* EXERCISE REQUIREMENTS
Set down, exactly and only, everything from the line containing "Hyller med pålegg" down to the line containing "市财政局2024年上半年优化营商环境工作总结.docx" in the data below; the pictures are not part of the copy.

* AVAILABLE DATA
*** Block opens ***
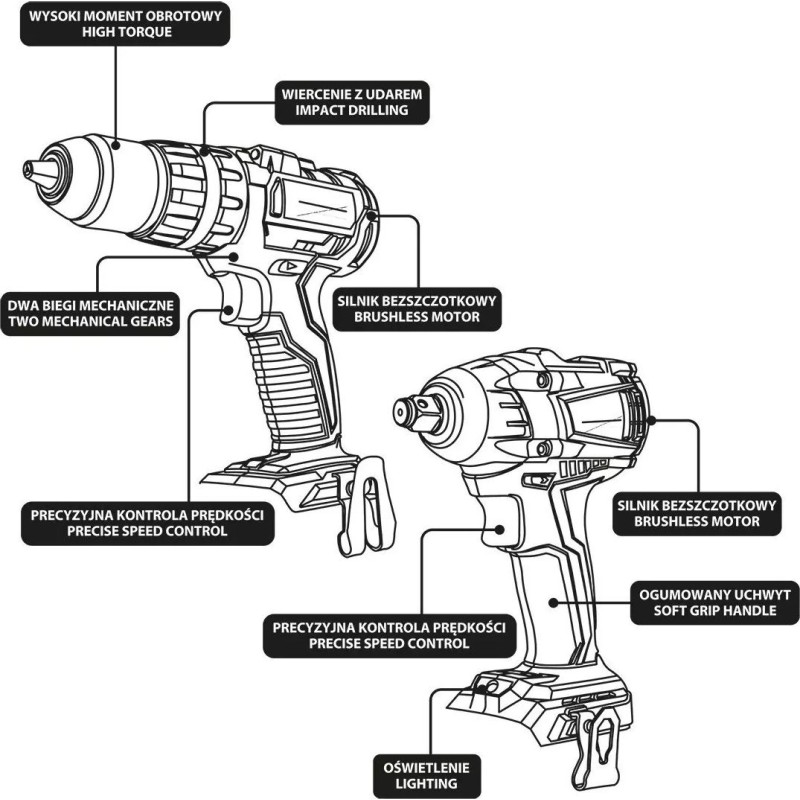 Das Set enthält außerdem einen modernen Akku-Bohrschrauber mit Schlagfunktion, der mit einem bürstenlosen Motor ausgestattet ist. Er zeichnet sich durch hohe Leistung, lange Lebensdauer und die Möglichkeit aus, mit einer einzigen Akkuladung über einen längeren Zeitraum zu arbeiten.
*** Block closes ***
*** Block opens ***
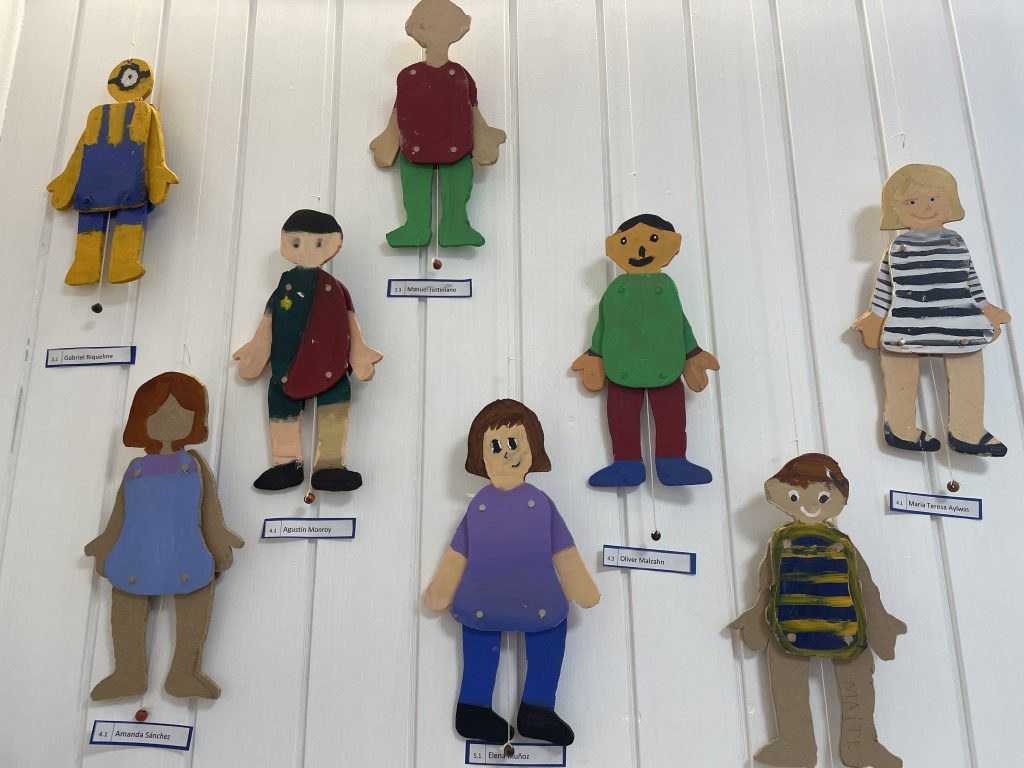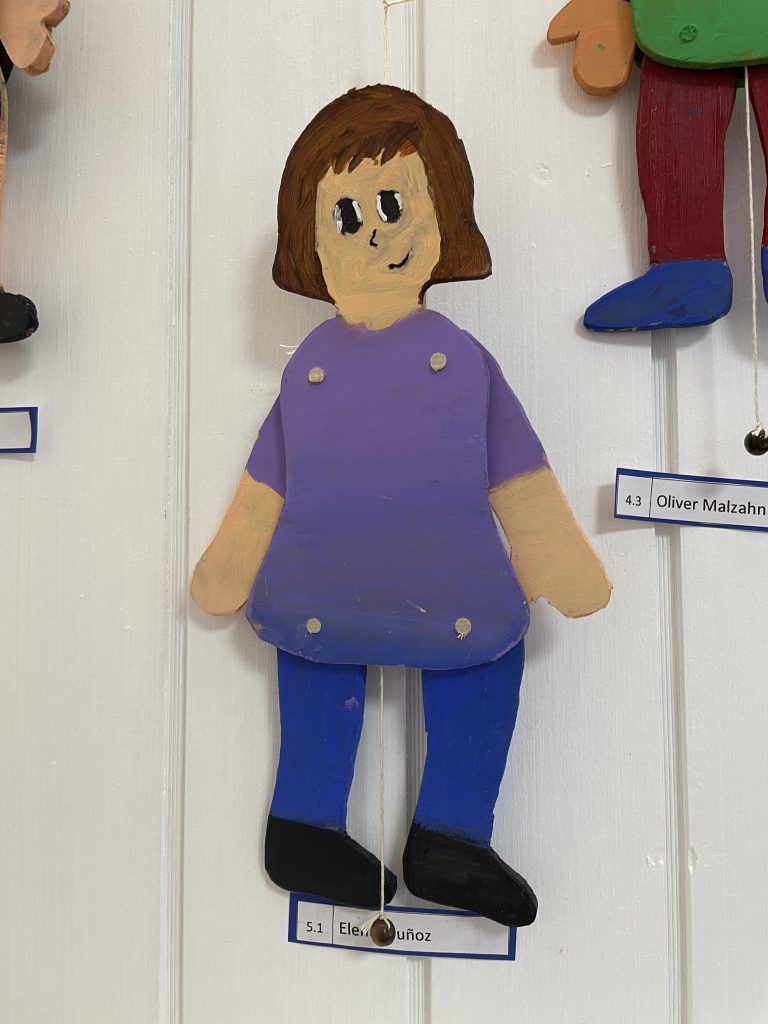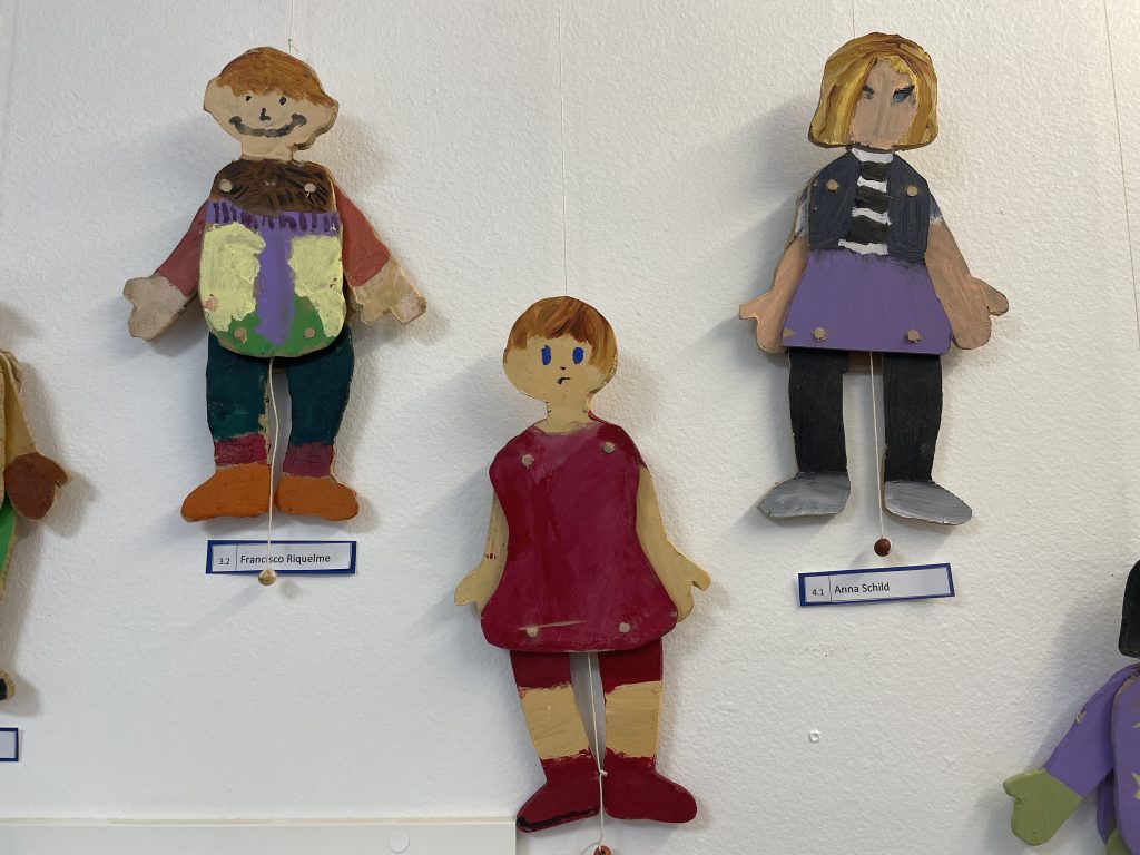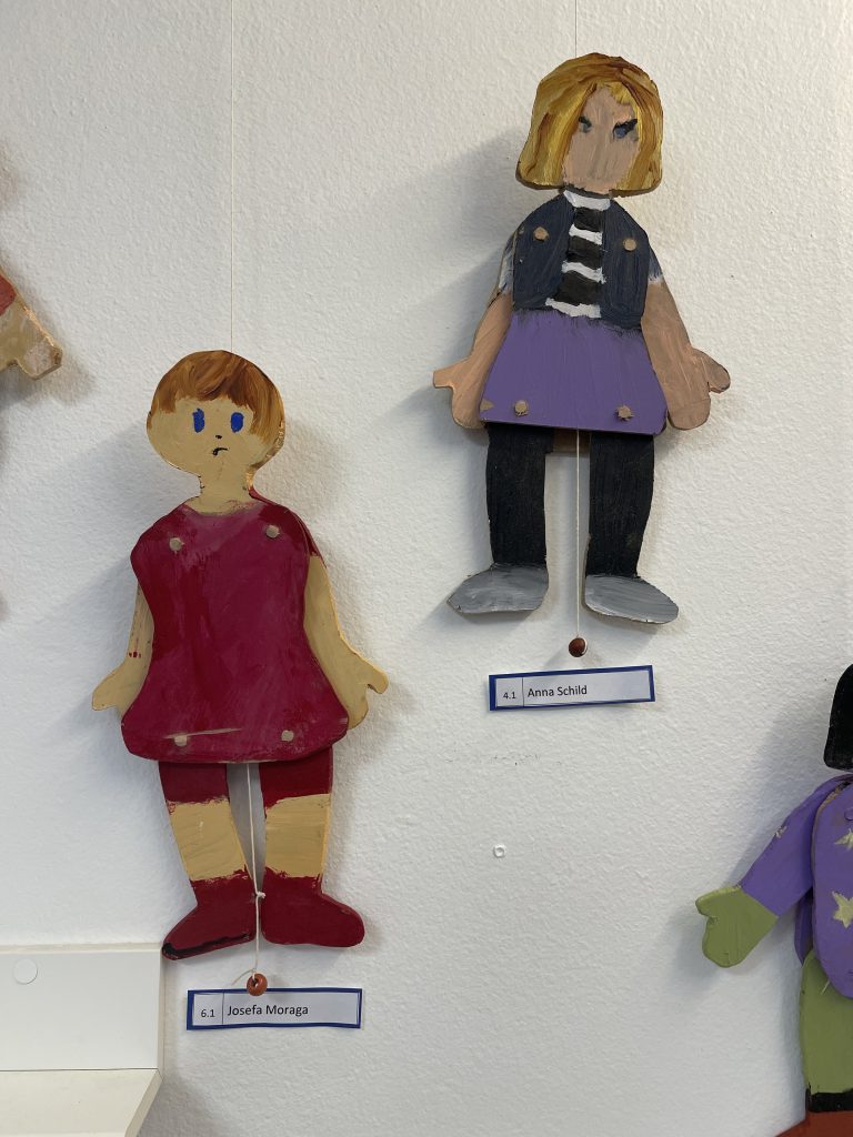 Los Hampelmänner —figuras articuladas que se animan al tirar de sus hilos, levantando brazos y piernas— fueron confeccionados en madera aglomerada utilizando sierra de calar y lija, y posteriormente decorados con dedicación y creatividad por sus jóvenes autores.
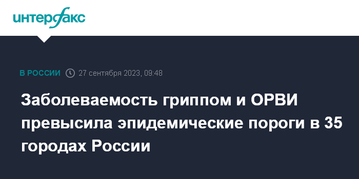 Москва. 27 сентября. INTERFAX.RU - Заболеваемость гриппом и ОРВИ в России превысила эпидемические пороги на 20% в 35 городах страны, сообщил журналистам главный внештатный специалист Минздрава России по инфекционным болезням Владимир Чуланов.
*** Block closes ***
*** Block opens ***
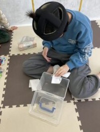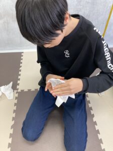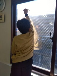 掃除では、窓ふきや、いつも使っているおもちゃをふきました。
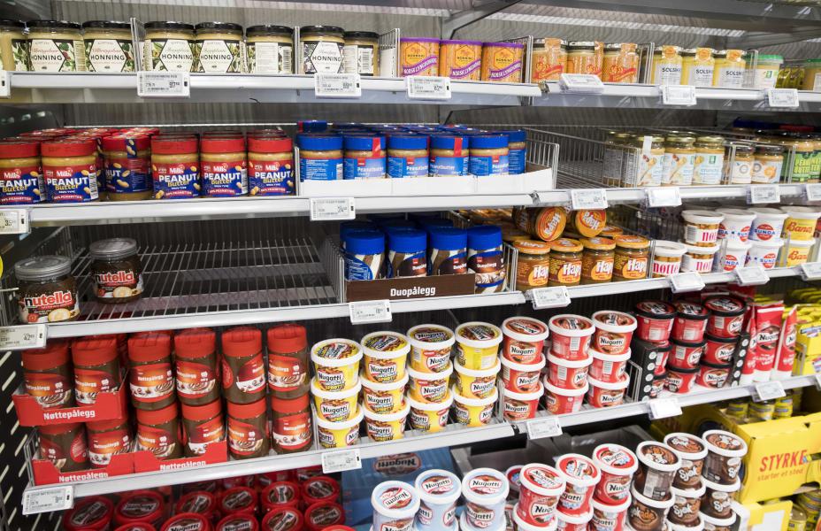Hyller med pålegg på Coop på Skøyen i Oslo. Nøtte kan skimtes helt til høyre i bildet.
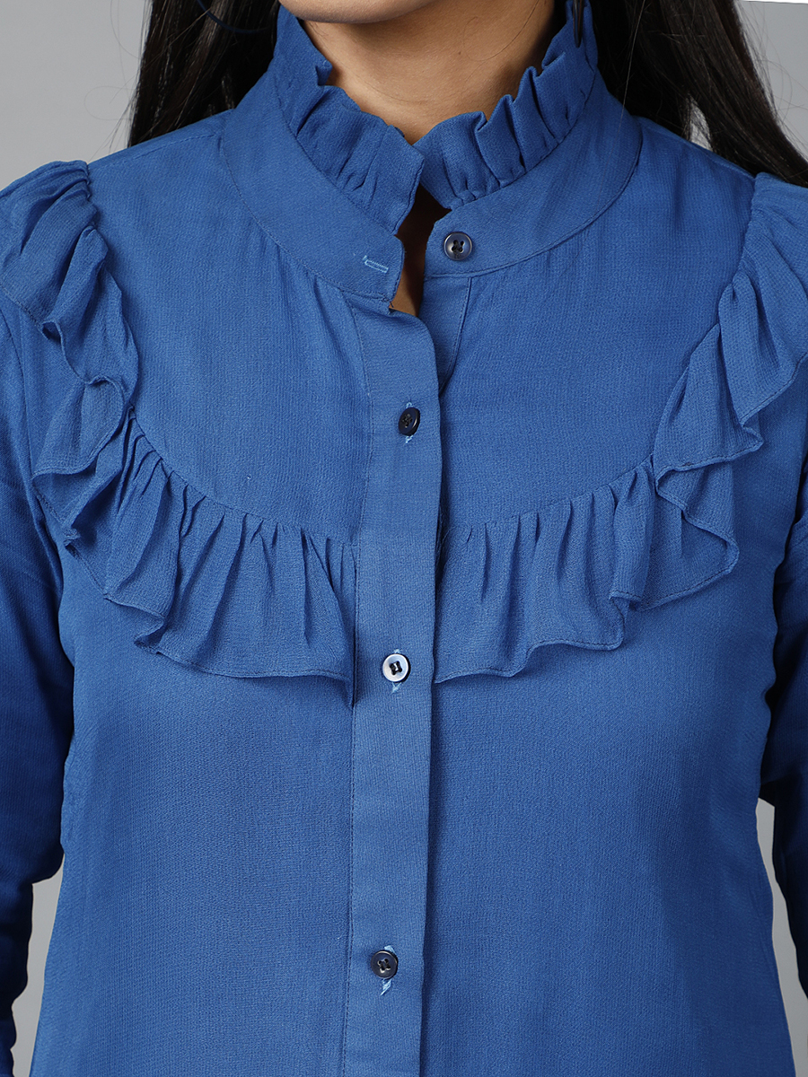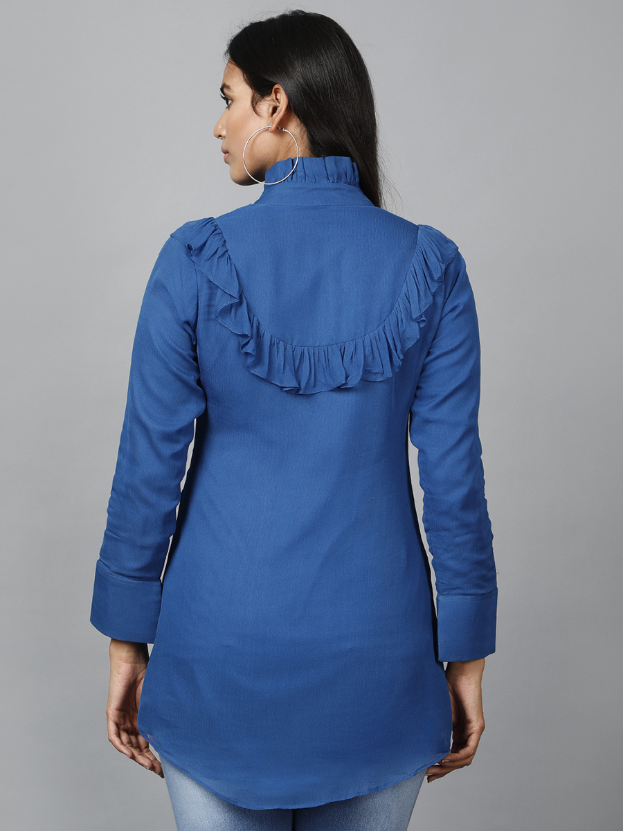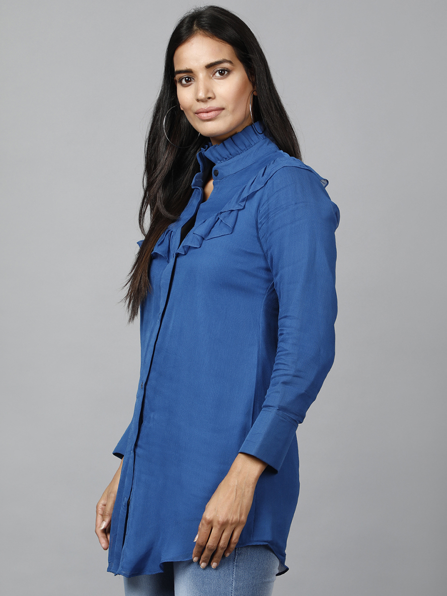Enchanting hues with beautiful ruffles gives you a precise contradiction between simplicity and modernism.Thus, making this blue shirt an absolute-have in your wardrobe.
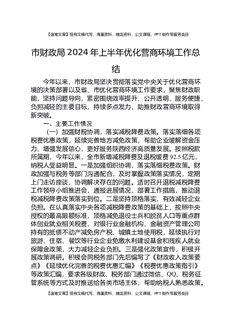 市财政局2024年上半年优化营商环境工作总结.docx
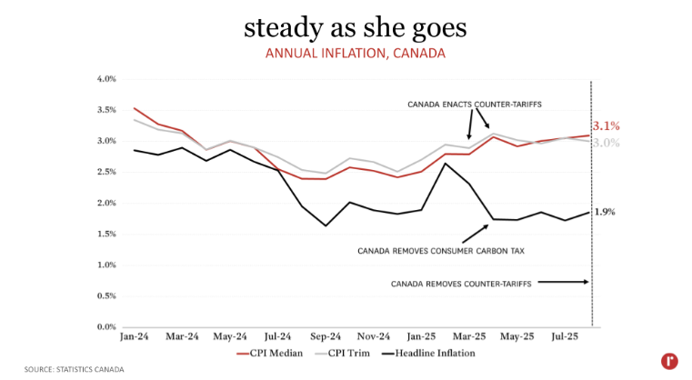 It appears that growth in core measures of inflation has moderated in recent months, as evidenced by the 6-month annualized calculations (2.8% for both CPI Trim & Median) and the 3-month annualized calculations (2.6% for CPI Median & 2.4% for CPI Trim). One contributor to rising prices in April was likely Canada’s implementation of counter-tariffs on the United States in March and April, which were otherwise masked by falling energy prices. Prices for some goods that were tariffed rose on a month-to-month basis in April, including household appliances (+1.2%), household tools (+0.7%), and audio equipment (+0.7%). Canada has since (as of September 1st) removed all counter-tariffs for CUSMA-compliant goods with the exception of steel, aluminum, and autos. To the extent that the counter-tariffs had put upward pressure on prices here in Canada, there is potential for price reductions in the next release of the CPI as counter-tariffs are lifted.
*** Block closes ***
* RESPONSE BELOW
Hyller med pålegg på Coop på Skøyen i Oslo. Nøtte kan skimtes helt til høyre i bildet.
Enchanting hues with beautiful ruffles gives you a precise contradiction between simplicity and modernism.Thus, making this blue shirt an absolute-have in your wardrobe.
 市财政局2024年上半年优化营商环境工作总结.docx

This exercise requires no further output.